Retype exactly the span of lines below from the one with "Gorgeous wooden salad" through the one with "balíků sena |". Do not include pictures.

'''

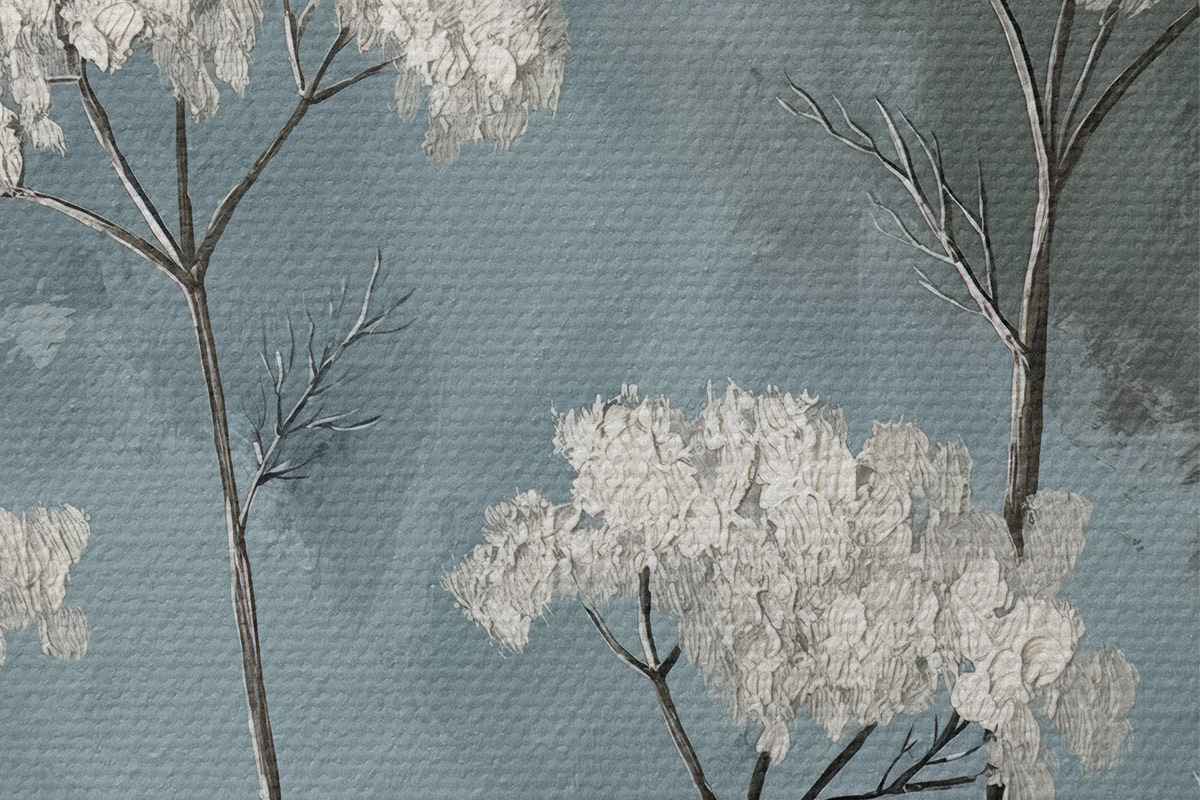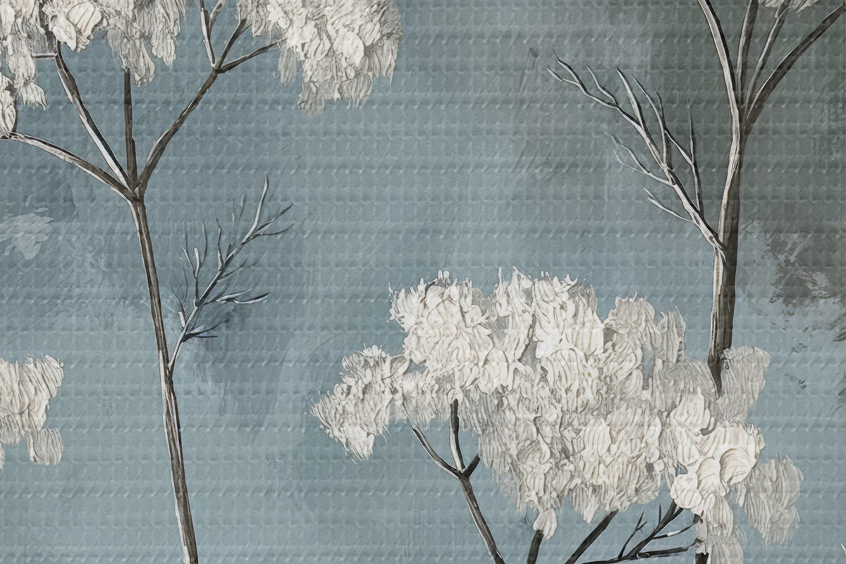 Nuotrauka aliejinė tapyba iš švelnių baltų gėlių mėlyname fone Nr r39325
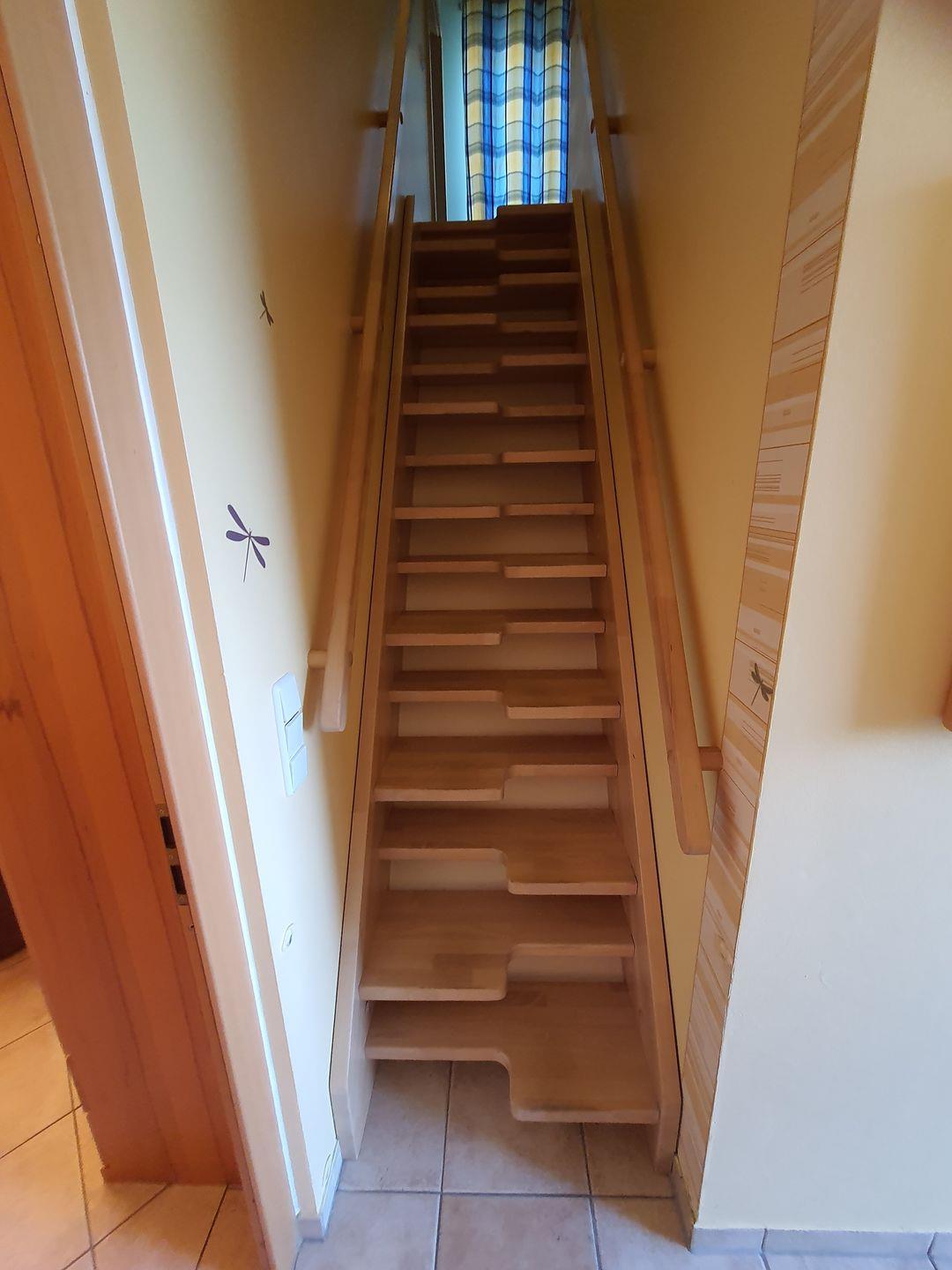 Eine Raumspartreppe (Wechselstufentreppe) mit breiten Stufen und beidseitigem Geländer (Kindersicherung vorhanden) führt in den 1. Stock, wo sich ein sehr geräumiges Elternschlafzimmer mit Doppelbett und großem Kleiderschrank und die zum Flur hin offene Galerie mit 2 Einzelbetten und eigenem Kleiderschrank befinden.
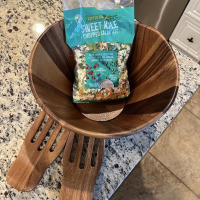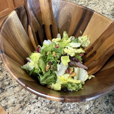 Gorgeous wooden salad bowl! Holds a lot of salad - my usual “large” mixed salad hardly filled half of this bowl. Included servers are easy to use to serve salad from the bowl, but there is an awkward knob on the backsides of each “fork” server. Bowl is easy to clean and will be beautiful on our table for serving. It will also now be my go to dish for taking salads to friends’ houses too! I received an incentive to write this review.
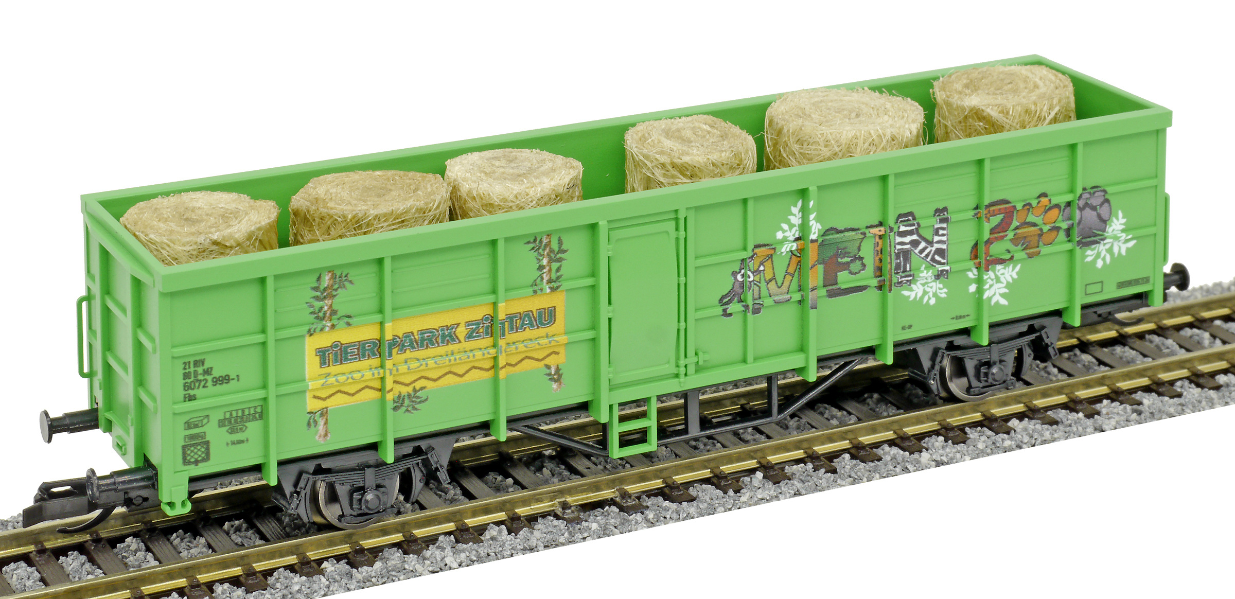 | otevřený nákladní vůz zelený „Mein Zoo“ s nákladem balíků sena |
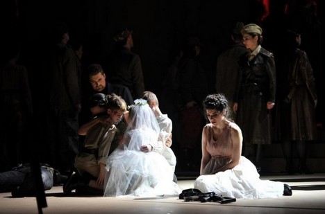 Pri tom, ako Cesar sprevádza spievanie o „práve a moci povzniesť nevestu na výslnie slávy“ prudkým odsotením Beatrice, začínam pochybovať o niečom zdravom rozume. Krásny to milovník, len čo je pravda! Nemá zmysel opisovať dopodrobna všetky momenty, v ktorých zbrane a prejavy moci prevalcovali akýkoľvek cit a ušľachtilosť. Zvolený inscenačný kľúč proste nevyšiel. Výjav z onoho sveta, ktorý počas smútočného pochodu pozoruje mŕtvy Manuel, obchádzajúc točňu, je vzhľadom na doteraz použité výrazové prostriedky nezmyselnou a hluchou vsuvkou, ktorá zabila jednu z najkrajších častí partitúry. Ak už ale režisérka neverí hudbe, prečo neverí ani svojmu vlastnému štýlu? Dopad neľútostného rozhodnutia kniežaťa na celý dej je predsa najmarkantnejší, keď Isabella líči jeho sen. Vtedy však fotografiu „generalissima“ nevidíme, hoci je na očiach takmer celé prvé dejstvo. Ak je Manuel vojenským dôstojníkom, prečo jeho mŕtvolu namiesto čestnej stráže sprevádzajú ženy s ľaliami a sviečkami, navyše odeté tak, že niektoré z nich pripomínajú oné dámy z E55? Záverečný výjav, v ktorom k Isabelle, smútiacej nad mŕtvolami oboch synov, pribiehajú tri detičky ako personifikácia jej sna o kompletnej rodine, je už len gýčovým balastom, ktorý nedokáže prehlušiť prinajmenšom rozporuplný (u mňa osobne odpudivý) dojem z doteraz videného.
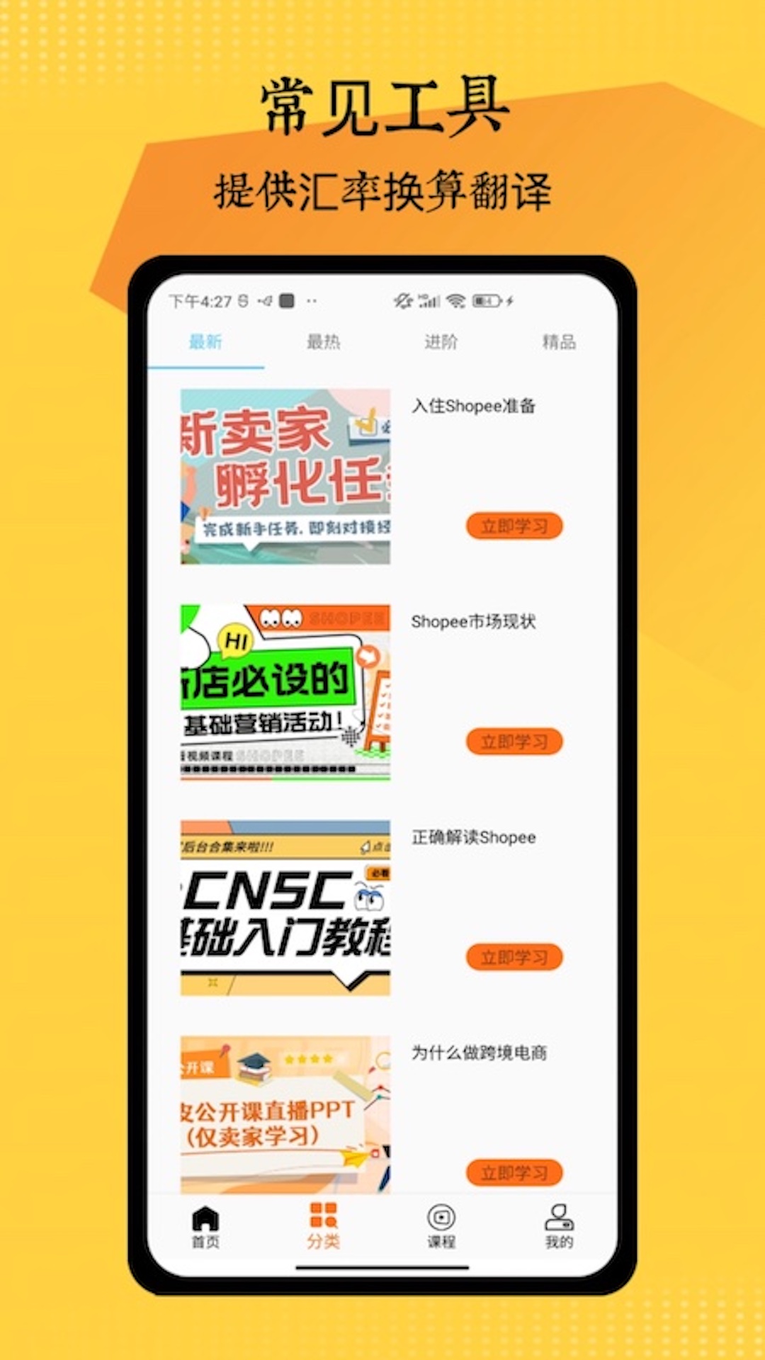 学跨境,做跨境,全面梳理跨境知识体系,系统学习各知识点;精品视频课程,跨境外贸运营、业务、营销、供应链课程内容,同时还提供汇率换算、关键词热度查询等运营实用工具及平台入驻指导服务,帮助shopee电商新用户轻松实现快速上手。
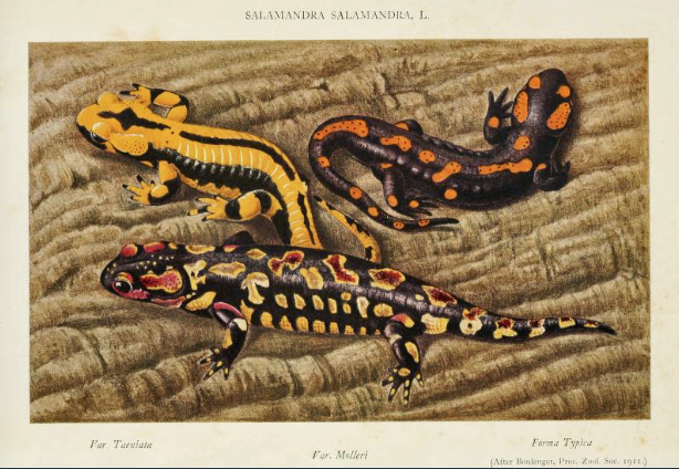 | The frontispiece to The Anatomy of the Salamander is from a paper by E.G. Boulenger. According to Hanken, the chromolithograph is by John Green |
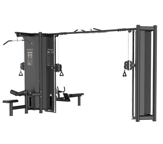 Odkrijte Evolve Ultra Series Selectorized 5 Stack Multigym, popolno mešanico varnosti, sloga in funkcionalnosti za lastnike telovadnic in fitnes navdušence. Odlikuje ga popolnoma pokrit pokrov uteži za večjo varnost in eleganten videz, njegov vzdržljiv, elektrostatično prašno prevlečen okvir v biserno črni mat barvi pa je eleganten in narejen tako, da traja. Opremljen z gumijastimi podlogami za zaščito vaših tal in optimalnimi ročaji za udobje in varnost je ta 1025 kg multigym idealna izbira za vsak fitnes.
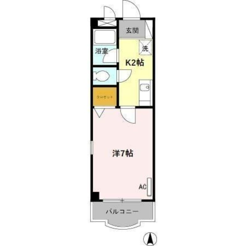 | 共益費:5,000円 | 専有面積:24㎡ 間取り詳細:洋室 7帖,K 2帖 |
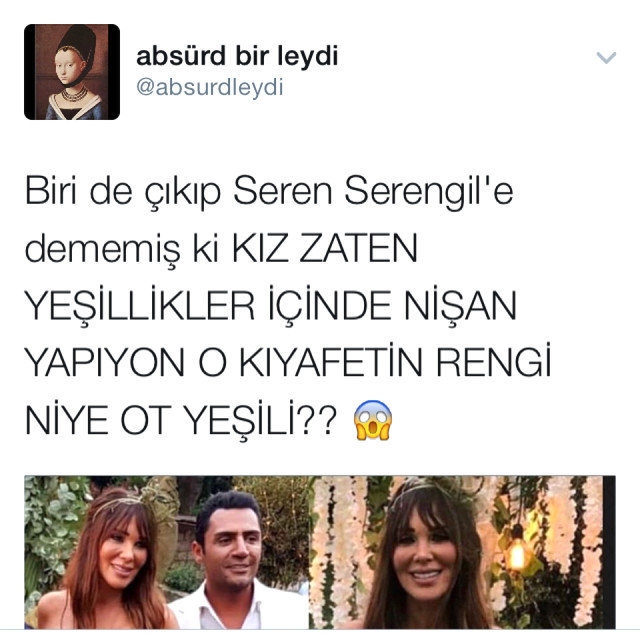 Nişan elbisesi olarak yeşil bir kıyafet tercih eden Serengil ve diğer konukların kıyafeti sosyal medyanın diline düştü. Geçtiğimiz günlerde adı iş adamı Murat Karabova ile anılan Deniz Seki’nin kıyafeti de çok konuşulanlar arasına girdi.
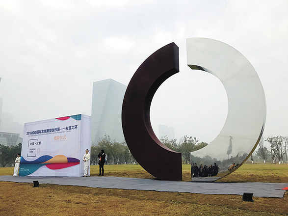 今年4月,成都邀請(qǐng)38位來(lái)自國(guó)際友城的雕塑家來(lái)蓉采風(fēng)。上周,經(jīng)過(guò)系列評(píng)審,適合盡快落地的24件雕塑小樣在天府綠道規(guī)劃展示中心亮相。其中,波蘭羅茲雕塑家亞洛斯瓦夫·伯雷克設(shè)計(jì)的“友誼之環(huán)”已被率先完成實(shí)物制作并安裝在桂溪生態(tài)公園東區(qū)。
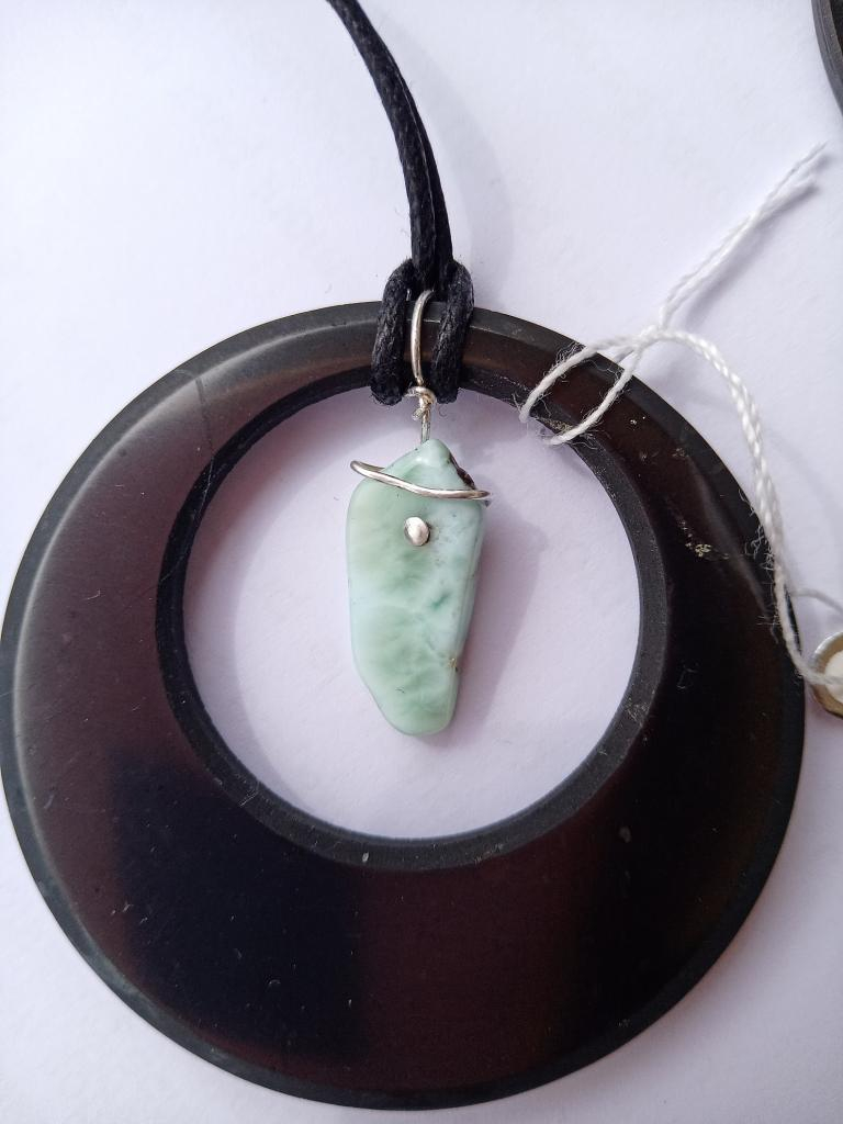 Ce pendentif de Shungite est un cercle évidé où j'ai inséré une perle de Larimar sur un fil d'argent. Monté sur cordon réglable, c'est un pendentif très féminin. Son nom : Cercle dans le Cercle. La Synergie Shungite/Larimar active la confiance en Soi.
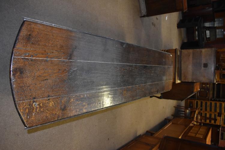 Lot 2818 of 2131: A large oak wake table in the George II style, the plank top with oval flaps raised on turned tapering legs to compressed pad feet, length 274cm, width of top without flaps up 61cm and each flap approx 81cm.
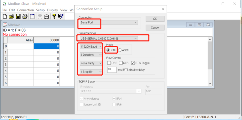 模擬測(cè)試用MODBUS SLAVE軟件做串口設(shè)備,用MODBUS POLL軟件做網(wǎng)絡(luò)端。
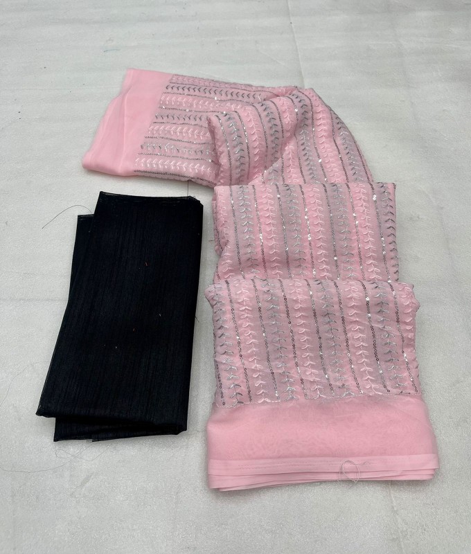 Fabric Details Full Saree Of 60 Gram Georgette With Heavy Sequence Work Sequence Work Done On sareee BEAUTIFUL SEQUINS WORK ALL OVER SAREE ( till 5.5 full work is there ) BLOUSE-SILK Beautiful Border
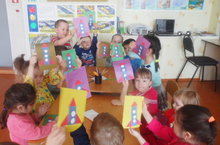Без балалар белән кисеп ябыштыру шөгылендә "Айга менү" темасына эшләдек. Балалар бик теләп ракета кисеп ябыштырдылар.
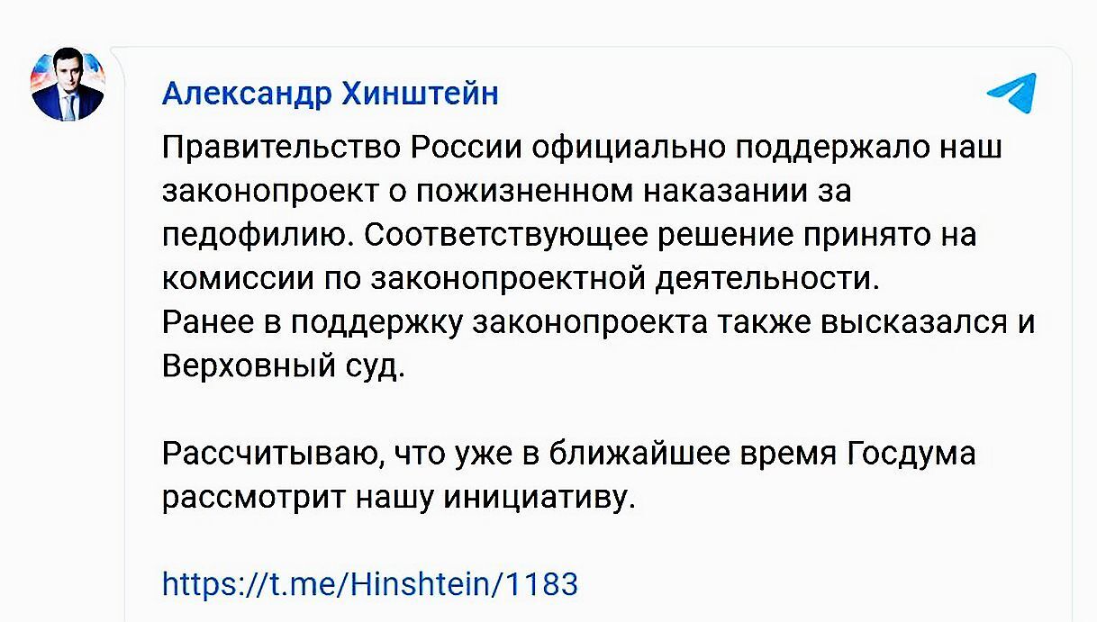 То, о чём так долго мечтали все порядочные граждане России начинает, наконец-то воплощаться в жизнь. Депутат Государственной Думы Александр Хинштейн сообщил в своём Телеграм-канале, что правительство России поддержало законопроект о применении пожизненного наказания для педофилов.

'''

▸ TASK OUTPUT:
 Gorgeous wooden salad bowl! Holds a lot of salad - my usual “large” mixed salad hardly filled half of this bowl. Included servers are easy to use to serve salad from the bowl, but there is an awkward knob on the backsides of each “fork” server. Bowl is easy to clean and will be beautiful on our table for serving. It will also now be my go to dish for taking salads to friends’ houses too! I received an incentive to write this review.
 | otevřený nákladní vůz zelený „Mein Zoo“ s nákladem balíků sena |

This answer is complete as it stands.